** INPUT follows **

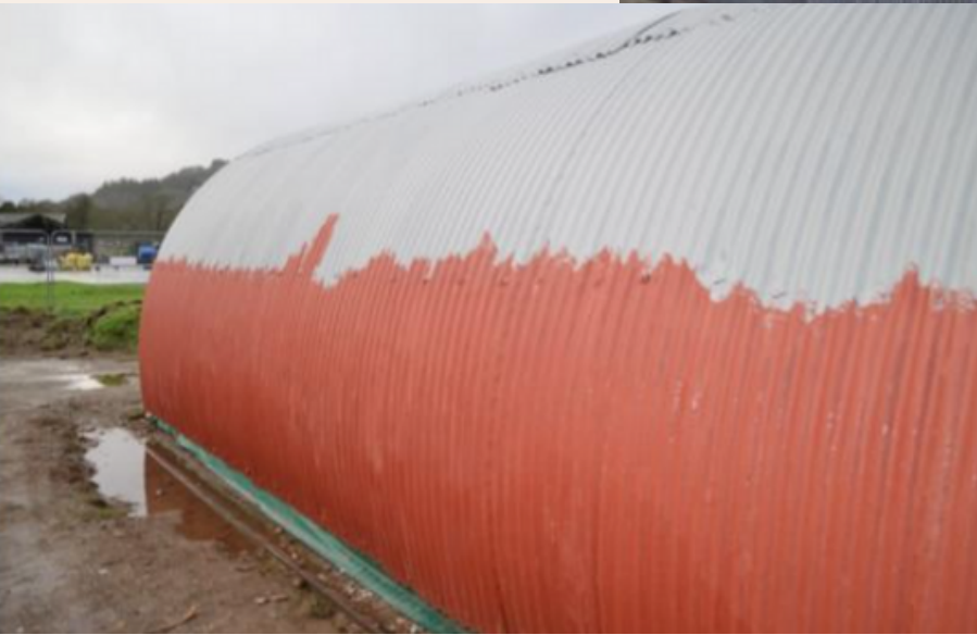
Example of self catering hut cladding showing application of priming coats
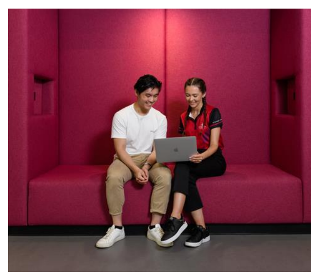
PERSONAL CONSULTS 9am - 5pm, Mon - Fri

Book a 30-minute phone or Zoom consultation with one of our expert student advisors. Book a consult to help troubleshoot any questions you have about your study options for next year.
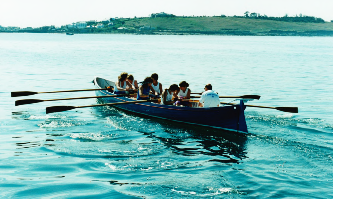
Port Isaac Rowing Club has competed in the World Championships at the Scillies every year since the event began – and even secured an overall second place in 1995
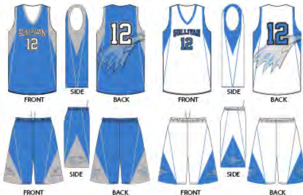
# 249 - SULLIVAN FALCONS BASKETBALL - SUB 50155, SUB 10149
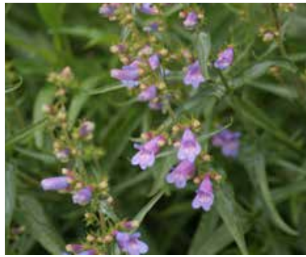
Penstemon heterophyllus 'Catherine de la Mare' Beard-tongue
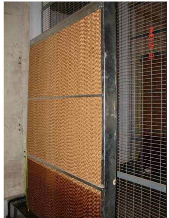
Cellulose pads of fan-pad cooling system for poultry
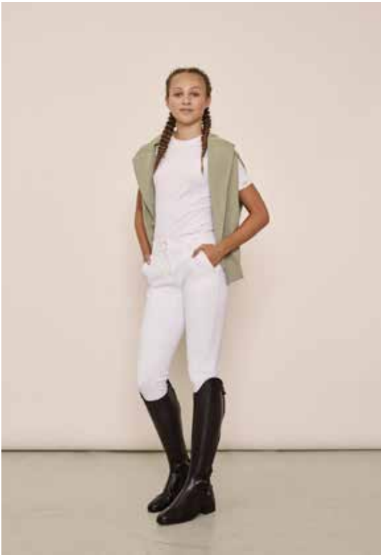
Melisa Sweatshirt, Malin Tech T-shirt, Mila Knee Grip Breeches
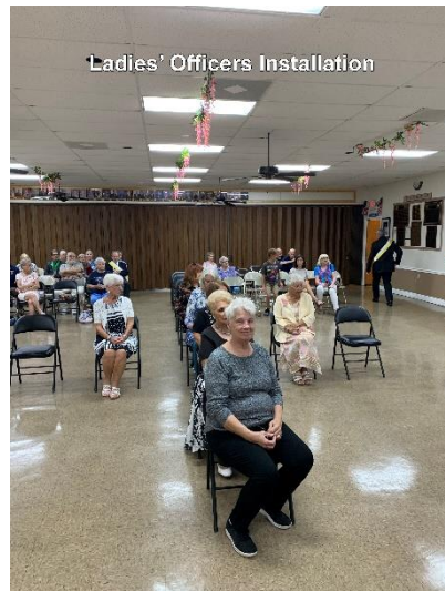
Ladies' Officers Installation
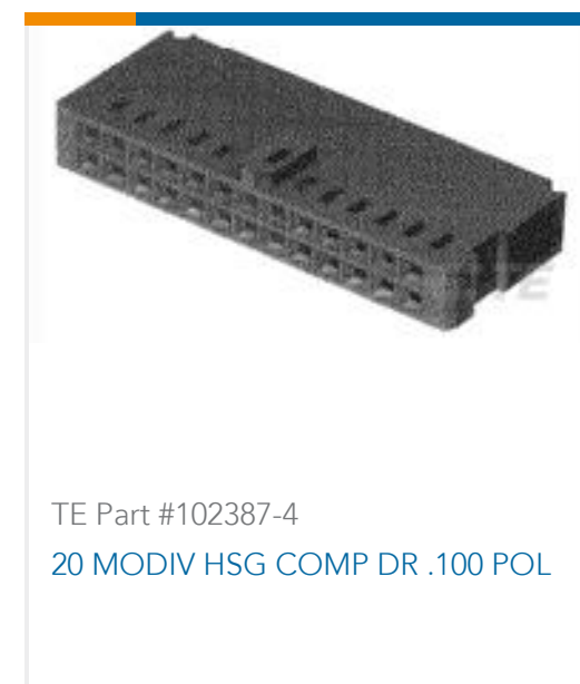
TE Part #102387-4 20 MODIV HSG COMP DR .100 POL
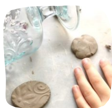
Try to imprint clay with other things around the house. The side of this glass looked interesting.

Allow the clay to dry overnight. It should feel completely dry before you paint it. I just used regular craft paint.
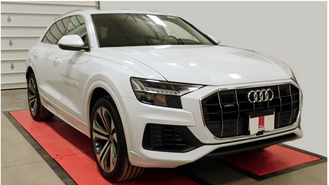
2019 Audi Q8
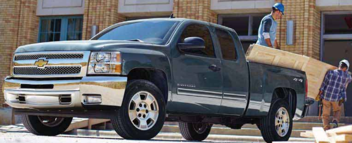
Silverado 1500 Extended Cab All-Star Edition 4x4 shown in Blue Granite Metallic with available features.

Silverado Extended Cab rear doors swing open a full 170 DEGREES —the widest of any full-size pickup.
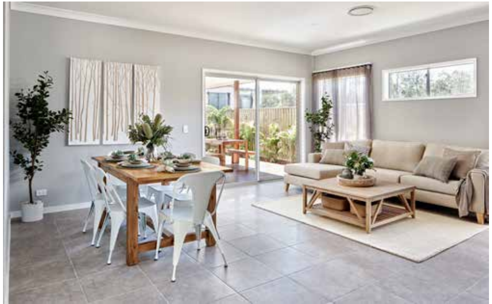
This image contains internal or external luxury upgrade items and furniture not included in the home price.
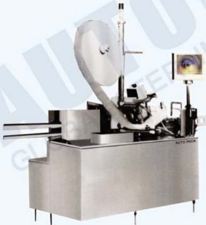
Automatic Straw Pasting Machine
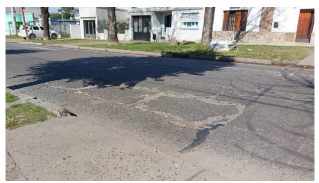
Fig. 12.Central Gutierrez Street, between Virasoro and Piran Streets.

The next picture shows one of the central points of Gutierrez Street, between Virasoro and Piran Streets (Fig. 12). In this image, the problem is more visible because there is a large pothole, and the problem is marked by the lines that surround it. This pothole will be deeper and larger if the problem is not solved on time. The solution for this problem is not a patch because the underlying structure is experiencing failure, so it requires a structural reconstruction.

** End of INPUT **
** INPUT follows **

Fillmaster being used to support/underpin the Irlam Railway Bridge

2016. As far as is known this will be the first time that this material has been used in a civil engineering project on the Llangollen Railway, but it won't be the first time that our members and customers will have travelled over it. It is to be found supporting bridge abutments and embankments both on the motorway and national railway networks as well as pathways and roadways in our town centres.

** End of INPUT **

Check the entries above for the word "between" and copy every line where it turns up.

## SOLUTION TO THIS TASK
Fig. 12.Central Gutierrez Street, between Virasoro and Piran Streets.
The next picture shows one of the central points of Gutierrez Street, between Virasoro and Piran Streets (Fig. 12). In this image, the problem is more visible because there is a large pothole, and the problem is marked by the lines that surround it. This pothole will be deeper and larger if the problem is not solved on time. The solution for this problem is not a patch because the underlying structure is experiencing failure, so it requires a structural reconstruction.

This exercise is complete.